#### Input material

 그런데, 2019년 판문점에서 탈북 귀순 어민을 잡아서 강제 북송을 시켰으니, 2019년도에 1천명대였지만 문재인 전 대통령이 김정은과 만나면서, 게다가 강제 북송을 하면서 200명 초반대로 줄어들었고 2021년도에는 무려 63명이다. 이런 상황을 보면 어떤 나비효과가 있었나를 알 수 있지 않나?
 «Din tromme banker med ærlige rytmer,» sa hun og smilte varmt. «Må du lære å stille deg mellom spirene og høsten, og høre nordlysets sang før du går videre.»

--

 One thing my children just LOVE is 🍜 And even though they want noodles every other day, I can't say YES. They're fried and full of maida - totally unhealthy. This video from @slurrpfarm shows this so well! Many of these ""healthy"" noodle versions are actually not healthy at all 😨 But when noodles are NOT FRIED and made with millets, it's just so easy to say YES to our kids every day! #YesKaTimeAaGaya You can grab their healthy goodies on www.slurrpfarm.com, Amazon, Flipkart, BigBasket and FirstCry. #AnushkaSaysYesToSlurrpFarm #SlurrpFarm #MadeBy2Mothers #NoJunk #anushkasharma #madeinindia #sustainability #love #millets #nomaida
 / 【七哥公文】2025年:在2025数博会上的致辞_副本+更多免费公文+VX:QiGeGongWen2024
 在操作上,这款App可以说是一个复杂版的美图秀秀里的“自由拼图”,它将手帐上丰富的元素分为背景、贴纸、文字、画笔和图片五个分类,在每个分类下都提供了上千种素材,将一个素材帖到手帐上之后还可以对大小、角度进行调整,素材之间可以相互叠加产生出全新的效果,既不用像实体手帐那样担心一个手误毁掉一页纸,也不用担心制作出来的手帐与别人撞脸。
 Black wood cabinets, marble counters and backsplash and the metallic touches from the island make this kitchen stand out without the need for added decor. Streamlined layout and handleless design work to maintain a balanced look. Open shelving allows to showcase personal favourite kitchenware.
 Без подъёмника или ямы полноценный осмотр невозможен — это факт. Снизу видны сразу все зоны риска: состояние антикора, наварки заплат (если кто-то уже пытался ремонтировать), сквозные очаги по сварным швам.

#### What the exercise asks
Reproduce exactly the section above that begins at the line containing "그런데, 2019년 판문점에서" and ends at the line containing "tromme banker med", leaving out all other lines.

#### Response to this task
 그런데, 2019년 판문점에서 탈북 귀순 어민을 잡아서 강제 북송을 시켰으니, 2019년도에 1천명대였지만 문재인 전 대통령이 김정은과 만나면서, 게다가 강제 북송을 하면서 200명 초반대로 줄어들었고 2021년도에는 무려 63명이다. 이런 상황을 보면 어떤 나비효과가 있었나를 알 수 있지 않나?
 «Din tromme banker med ærlige rytmer,» sa hun og smilte varmt. «Må du lære å stille deg mellom spirene og høsten, og høre nordlysets sang før du går videre.»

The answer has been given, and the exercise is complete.